The town of Enniskillen in Northern Ireland really took this stop of the World Cup series to heart. It also provided a totally new level of competition technology in partnership with the Irish Waterski Federation and MasterCraft. Add to this a large and enthusiastic audience, outstanding performances from the athletes and strong local media support and the outcome was certainly impressive.
The AtmosphereFollowing previous 2006 World Cup Stops in Qatar, France, China and Russia, it was time to return for the second consecutive year to Enniskillen. Global Airport chaos did not prevent a full attendance by the qualifying athletes from 18 countries. Many were forced to divert to other Airports, hire cars and even use Sea Ferries to reach the competition site on time. Cool temperatures had no impact on the warm welcoming atmosphere. The north west wind direction was perfect for the Jump event.

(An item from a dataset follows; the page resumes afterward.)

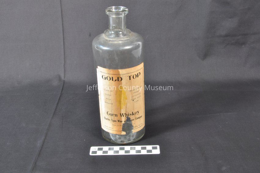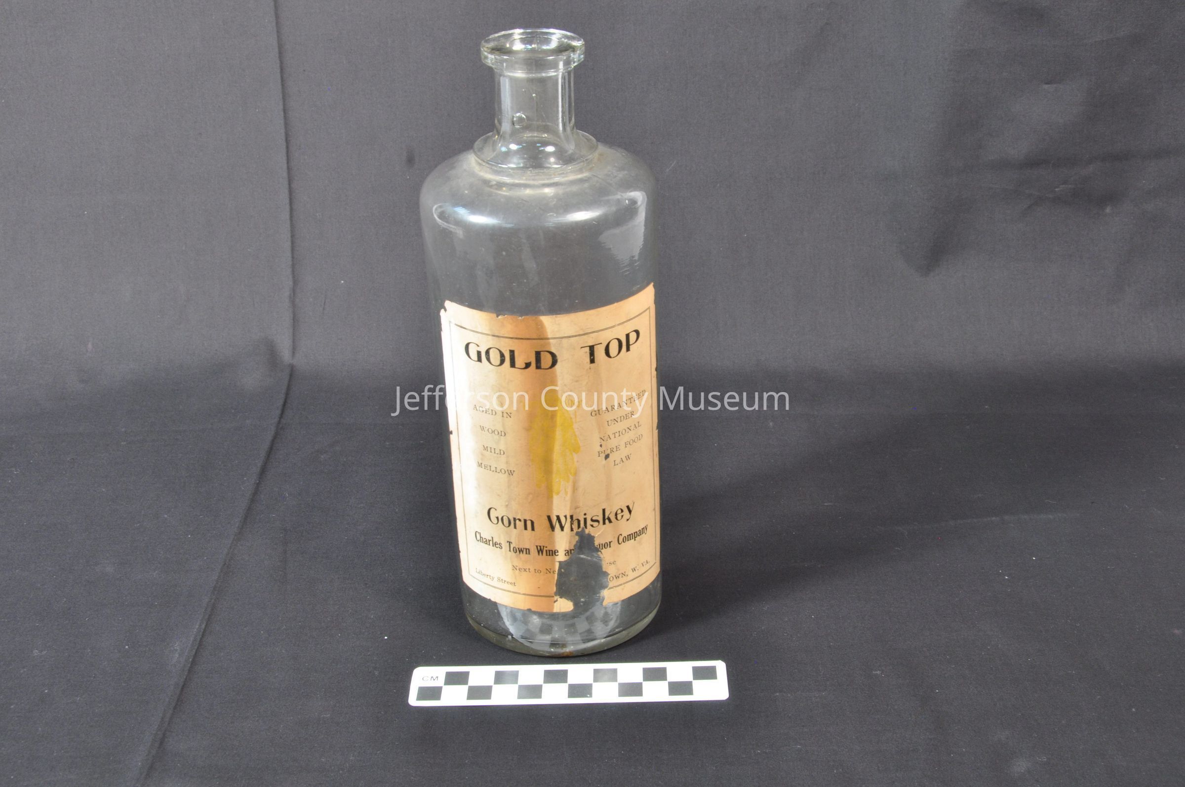 Clear glass bottle with paper label: "GOLD TOP Corn Whiskey" from the "Charles Town Wine and Liquor Company / Next to Ne[w Opera Hou]se". "AGED IN / WOOD / MILD / MELLOW". "GUARANTEED / UNDER / NATIONAL / PURE FOOD / LAW".Acquisition

Many FirstsFor the first time ever, a 250m section of a system called Wave Barrier was used to create a calm competition site in spite of the large volume of passing pleasure boats. Kuno Ritschard, President of the International Water Ski Federation stated that this could open up many new possible venues for future World Cup Stops. The automatic electronic SplashEye jump measurement system which requires no human intervention was also used throughout this World Cup Stop. Both were invented in Ireland. This was their first major exposure to the world at large. MasterCraft also unveiled their first diesel powered waterski prototype competition boat and caused quite a stir with its lower running costs and a noise level almost 50% lower than the conventional craft. This demonstration boat was powered by Volkswagen Marine and could be available to the public within twelve months. To add to this array of interesting "first" inventions, a simple “Slalometer” was used to explain to the public the significance of rope shortenings in Slalom scoring.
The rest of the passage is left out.